Reorganized Christian Coalition of Alabama expands its agenda
MONTGOMERY (AP) — The reorganized Christian Coalition of Alabama is broadening its agenda to include environmental issues and putting together a paid staff to promote membership and lobby the Legislature.
On Thursday, Christian Coalition Chairman Randy Brinson played host to Andy Brack, president of the Center for a Better South, on his multistate tour to promote a book about environmental issues in the South.
Brinson said the Christian Coalition of Alabama is trying to encourage discussion on a wider variety of issues affecting the quality of life and empowerment of Alabamians.
“We’re here to support discussion and find a middle ground,” he said.
For years, the Christian Coalition of Alabama focused on issues such as restricting gambling, limiting abortions and holding down taxes. But its longtime state leaders fell out with the national organization’s leadership last year and formed a new organization, Christian Action Alabama.
Brinson, a Montgomery physician who had led Redeem the Vote drives to register young Christian voters, got appointed as the new state leader and began rebuilding the coalition.

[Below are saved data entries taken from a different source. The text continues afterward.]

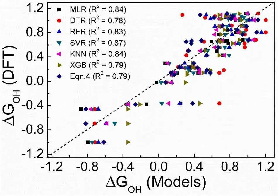 在ML研究中,kfold交叉验证是一项重要的技术,它利用不同的训练/测试集来分析给定数据点的过拟合或选择偏差等问题。在这里使用5折交叉验证方法,使用重复采样技术来筛选ML模型的准确预测能力。在图5中,绘制了使用DFT计算的ΔGOH与使用各种ML预测模型对测试数据估计的ΔGOH的图。通过5折交叉验证方法,我们得到了测试数据集对ML模型的拟合优度(R2),其排序为:SVR(0.87)KNN(0.84)MLR(0.84)RFR(0.83)XGB(0.79)DTR(0.78)。同时应用Eqn(4)对测试数据点的ΔGOH值进行估计,其R2为0.79。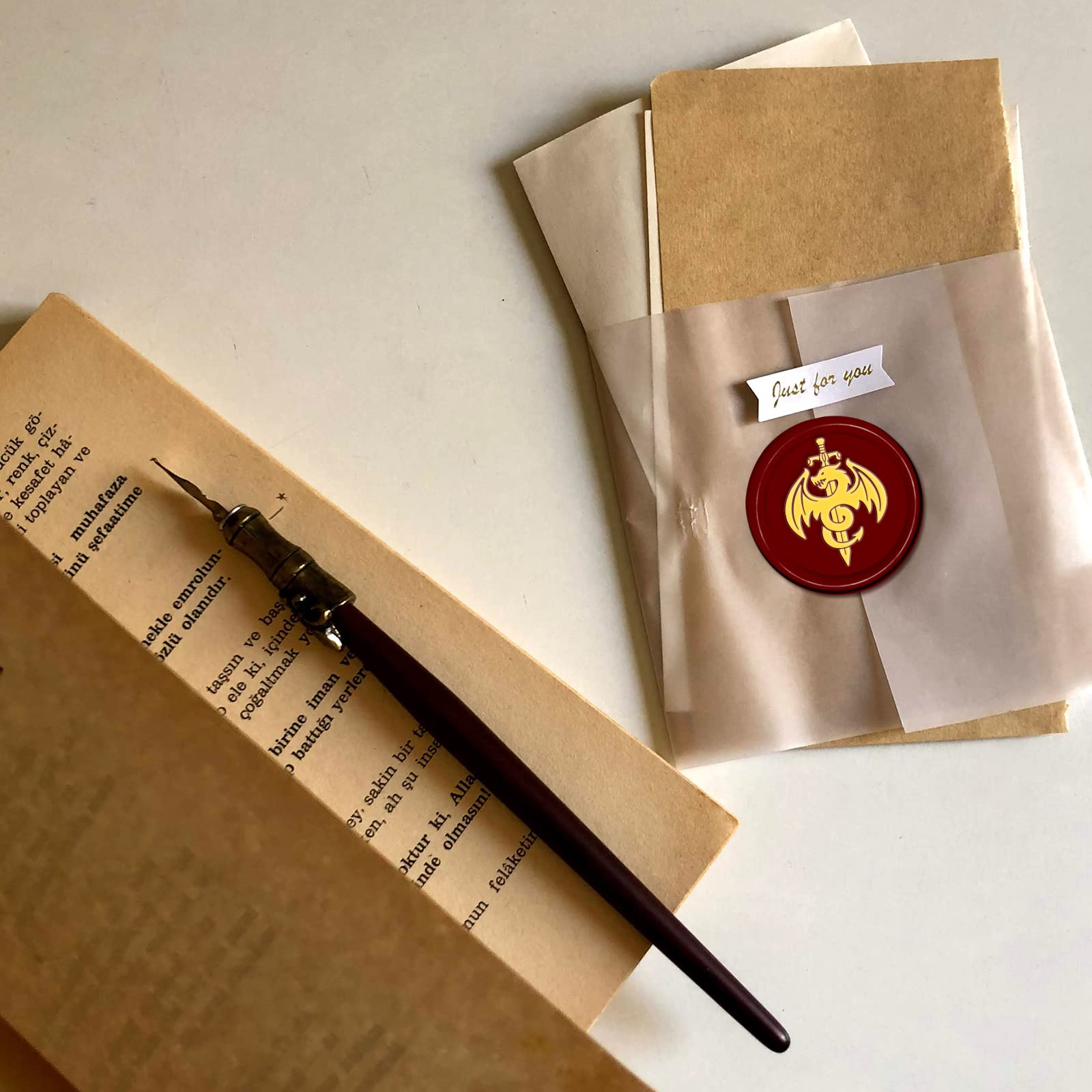 Total hübscher Wachs-Siegelstempel im Vintage-Look! Mit Drachen- und Mond-Design, 30mm Durchmesser. Aus Messing, abnehmbarer Kopf mit Holzgriff - einfach zusammenstecken und los geht's. Perfekt für besondere Anlässe wie Hochzeiten, Weihnachten, Einladungen oder um Briefe und Geschenke zu verzieren. Einfach Wachs erhitzen, auf den Umschlag gießen, Stempel draufdrücken und warten - fertig ist das persönliche Siegel! Super für DIY-Projekte, Karten, Einladungen oder um Dokumente zu versiegeln. Macht jedes Schreiben oder Geschenk etwas ganz Besonderes. Einfach Handhabung, aber wow-Effekt garantiert! Ohne Wachs - das musst du separat besorgen. Einfach ein wunderschönes Accessoire für alle die gerne basteln oder besondere Geschenke machen!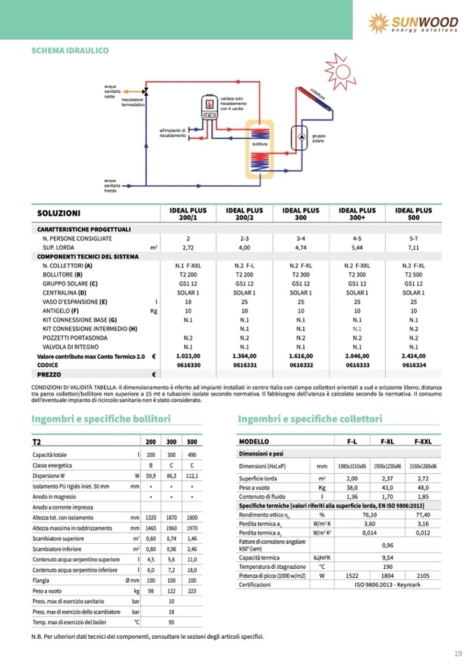 À TABELLA: il dimensionamento è riferito ad impianti installati in centro Italia con campo collettori orientati a sud e orizzonte libero; distanza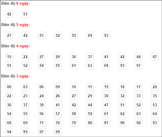 Cặp lô 26, 31, 73 có độ dài 5 ngày.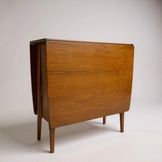 Mid-Century Teak & Beech Drop-Leaf Dining Table – Compact Vintage Table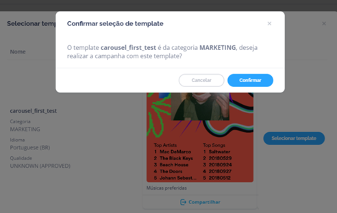 Na tela de campanhas: ao selecionar um template do tipo Marketing, será aberta uma caixa de confirmação com a seguinte mensagem: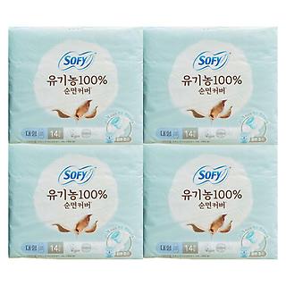 쏘피 유기 농 순면커버 생리대 대형 날개 14입X4개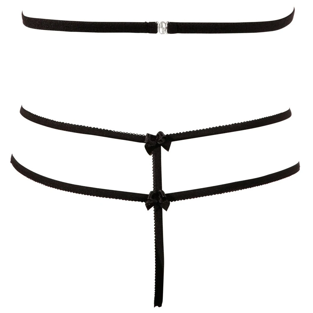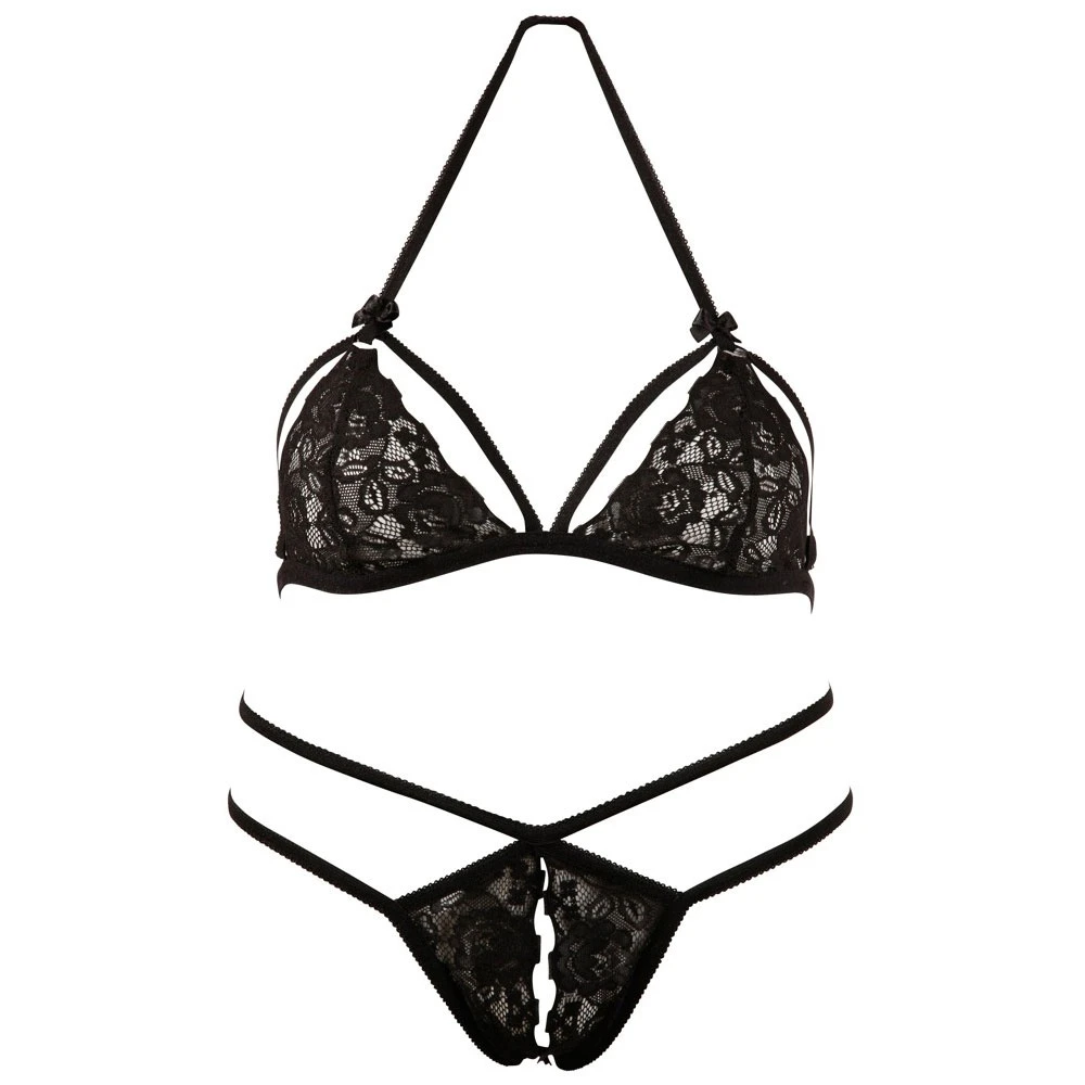 Zachte beha met haltersluiting en ingenieuze kleppen. String in effectief ontwerp, met een dubbele tailleband en een open kruis! Zwart. 100% polyamide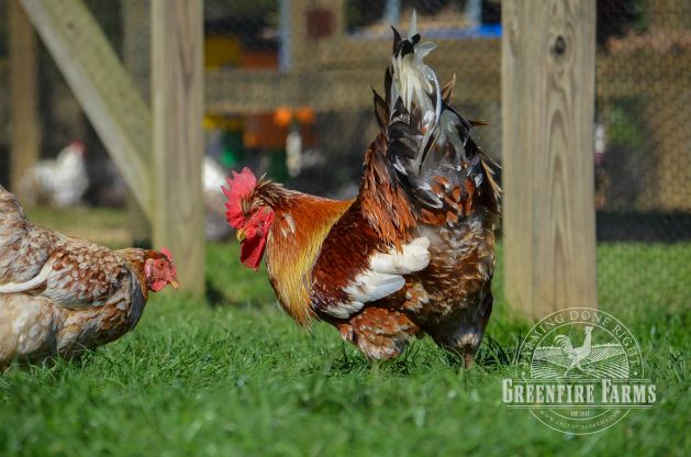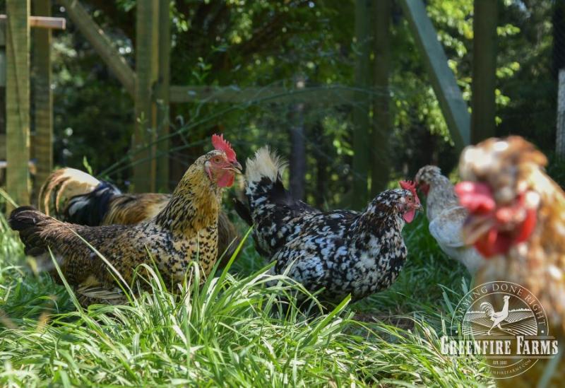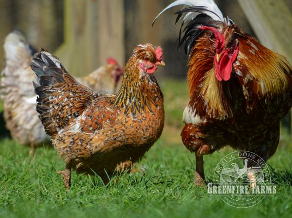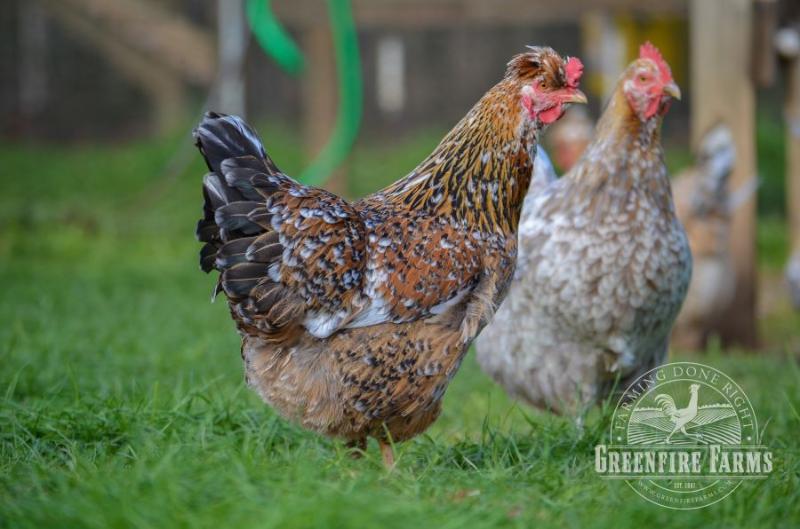 Swedish flower hens are the largest breed of chickens native to Sweden. Roosters can weigh as much as 8 lbs. With the commercialization of Sweden’s poultry flocks in the last half of the 20th Century, this breed almost became extinct. A couple of decades ago remnant flocks were identified in three small, rural Swedish villages and a focused effort was made to save the breed. By the late 1980s fewer than 500 birds existed in the world. Today, about a thousand Swedish flower hens live in about fifty scattered flocks, and until Greenfire Farms began working with this breed, few if any could be found outside remote villages in Sweden.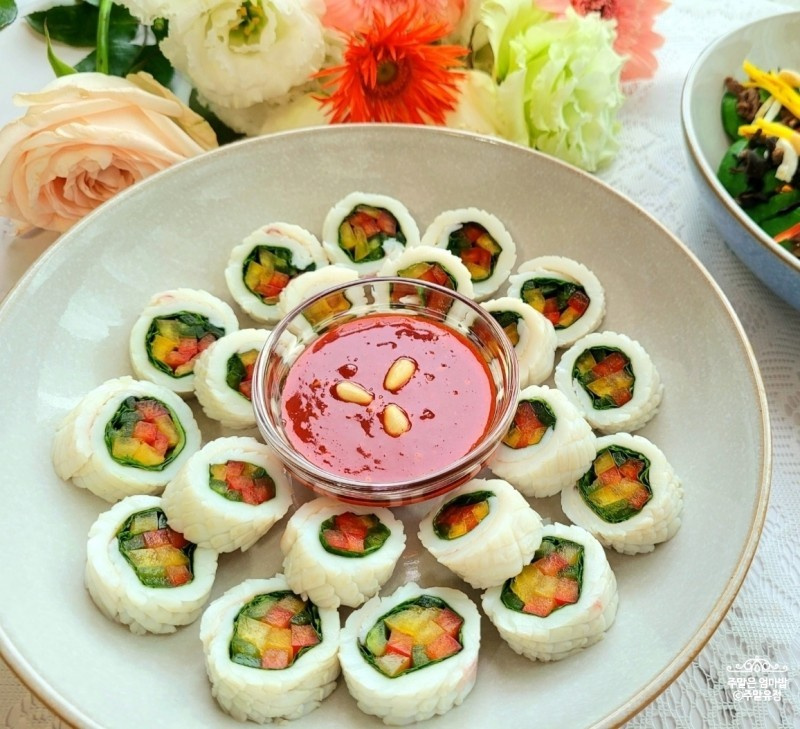 These ‘Squid and Vegetable Rolls’ are a delightful dish where chewy squid meets crisp vegetables, perfect for dipping in spicy, sweet, and sour gochujang sauce. The vibrant colors make it an excellent choice for entertaining guests! Enjoy the wonderful combination of squid’s chewiness and paprika’s crunch.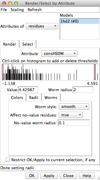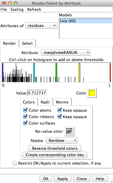 - Again from the Multalign Viewer menu, choose: Structure... Render by Conservation. This will call Render by Attribute, in which you can interactively choose colors and how they should map to the values. The conservation values from Multalign Viewer will be the residue attribute named mavConservation. Try different colorings. If you go back to the previous step and change the calculation method, then choose Refresh... Values in the Render by Attribute menu to update its histogram with the new values before coloring again. When you get the coloring you like, you can turn on the option to create a color key for your figure. You could also use “worms” (special ribbons that vary in fatness) in addition to or instead of colors to show the conservation values [colors+worms image]. Another way to color by attribute value is with a command, for example: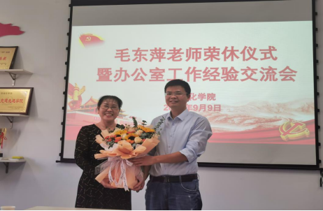 仪式由办公室主任魏爱玉老师主持。首先,王小旭副院长、刘准钆副院长、许斌副院长分别为毛老师颁发奖杯、赠送鲜花、赠送纪念品。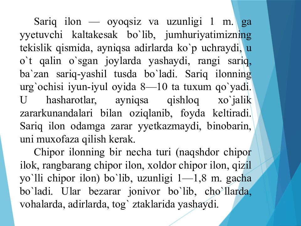 Sariq ilon — oyoqsiz va uzunligi 1 m. ga yyetuvchi kaltakesak bo`lib, jumhuriyatimizning tekislik qismida, ayniqsa adirlarda ko`p uchraydi, u o`t qalin o`sgan joylarda yashaydi, rangi sariq, ba`zan sariq-yashil tusda bo`ladi. Sariq ilonning urg`ochisi iyun-iyul oyida 8—10 ta tuxum qo`yadi. U hasharotlar, ayniqsa qishloq xo`jalik zararkunandalari bilan oziqlanib, foyda keltiradi. Sariq ilon odamga zarar yyetkazmaydi, binobarin, uni muxofaza qilish kerak. Chipor ilonning bir necha turi ( naqshdor chipor ilok, rangbarang chipor ilon, xoldor chipor ilon, qizil yo`lli chipor ilon ) bo`lib, uzunligi 1—1,8 m. gacha bo`ladi. Ular bezarar jonivor bo`lib, cho`llarda, vohalarda, adirlarda, tog` ztaklarida yashaydi.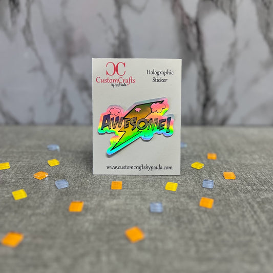 AWESOME Lighting Bolt, Holographic Sticker, Sparkly Sticker
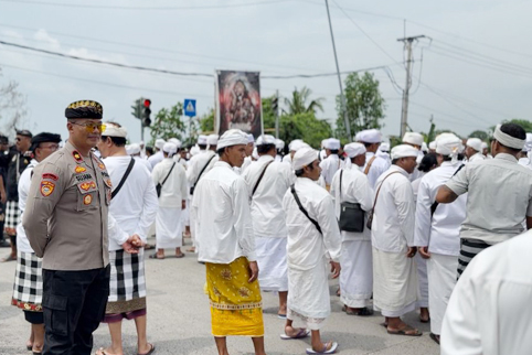 Pengamanan kegiatan ini dilaksanakan secara sinergis antara Polri dan Pecalang Desa Adat guna memberikan rasa aman dan nyaman kepada seluruh umat yang mengikuti prosesi, sekaligus memastikan kelancaran arus lalu lintas dan situasi kamtibmas tetap kondusif.

Brinson said contributions from lawyers and business people, whom he declined to name, have made it possible for the organization to hire a full-time field director, Joseph Hollis, and part-time communications director, Eric Guttensohn. Brinson said Hollis will visit churches across the state to promote membership and will lobby the Legislature.
Brack and Democratic state Sen. Phil Leventis of Sumter, S.C., are touring the South to promote “Getting Greener,” a book about what the region can do to save energy and protect the environment.